2. Mai 2015/1 Kommentar/in Briefe, Vor 70 Jahren

Der Morgen dämmert, und ich muss der schrecklichen Wahrheit in Form meines toten Sohnes ins Gesicht sehen. Hatte ich vorher noch versucht, Helene und Klaus davon zu überzeugen, dass ihr Bruder schliefe, gibt es jetzt doch kein Halten mehr und die Tränen fließen in Strömen. Strömen tun auch die Menschen an uns vorbei, aber es gelingt mir mithilfe des Fahrers doch, einen Krankenwagen zu organisieren.

Wir falten uns aus dem liegengebliebenen Wagen heraus und ich versuche gerade, Christian vorsichtig herauszuziehen, als der Arzt mir zuruft: „Sparen Sie sich die Mühe, wir transportieren keine Leichen.“

Sparen Sie sich die Mühe.

„Dann geben Sie mir einen Spaten, ich muss ihn beerdigen.“

„Sie können später wiederkommen, lassen Sie ihn im Wagen, dann können Sie ihn nachher beerdigen. Wir müssen los, der Russe ist direkt hinter uns.“

Die Wahrheit seiner Worte wird mir erst später schmerzlich bewusst werden, jetzt drängen wir uns in den Krankenwagen und fahren im erhöhten Schritttempo nach Schwerin. Das Chaos dort ist unbeschreiblich, aber die Kinder werden versorgt und auch mein Arm wird noch einmal verbunden.

Als die Kinder schlafen, mache ich mich auf den Weg nach Osten, ich muss mich um meine jüngsten Söhne kümmern. Einen begraben, einen holen.

Am Eingang des Krankenhauses werde ich angehalten. „Wo wollen Sie hin?“ Ich erkläre, dass meine Kinder schlafen, aber genau gekennzeichnet sind, und dass ich in ein paar Stunden wieder da bin. Ich kann ihn verstehen, zu viele Mütter lassen ihre Kinder zurück.

„Vergessen Sie’s, der Russe ist in Muess. Da kommen Sie nicht durch.“ Muess – das ist am Schweriner See, sieben Kilometer von hier.

Ich muss es doch versuchen. Ich habe meinen toten Sohn in einem kaputten Wagen zurückgelassen.
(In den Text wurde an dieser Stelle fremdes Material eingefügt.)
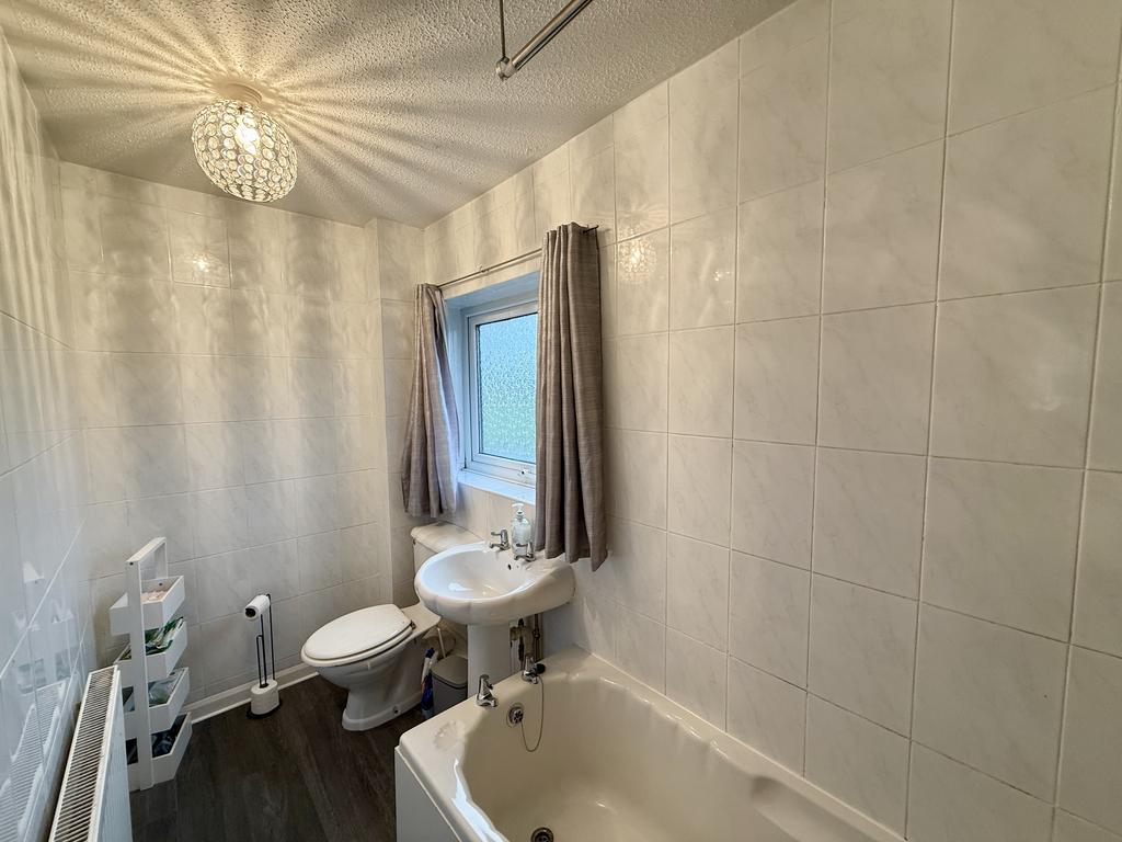 BATHROOM/WC - 9.10 x 4.5 -Panelled bath, electric shower over with shower curtain, low level WC, pedestal washbasin, tiled to all walls, laminate flooring, double radiator,UPVC double glazed window to front.

Ich habe meinen jüngsten Sohn in seinem Kinderwagen zurückgelassen.

Ich schlage mich durch, dem Treck entgegen, doch schon vor Muess ist kein Durchkommen mehr. „Ich will zu meinen Kindern!“, herrsche ich den russischen Offizier an, der mir daraufhin anbietet, mir ein neues Kind zu machen, wenn ich so scharf drauf bin.

Ich bin nicht scharf drauf.

Ich habe Christian abgetrieben. Ich wollte dieses Kind nicht und jetzt zerbreche ich daran, dass es nicht mehr lebt.

Ich lasse mein jüngstes Kind zurück und jetzt komme ich nicht mehr zu ihm.

Meine beiden großen Kinder lasse ich im Krankenhaus allein.

Was bin ich nur für eine Mutter?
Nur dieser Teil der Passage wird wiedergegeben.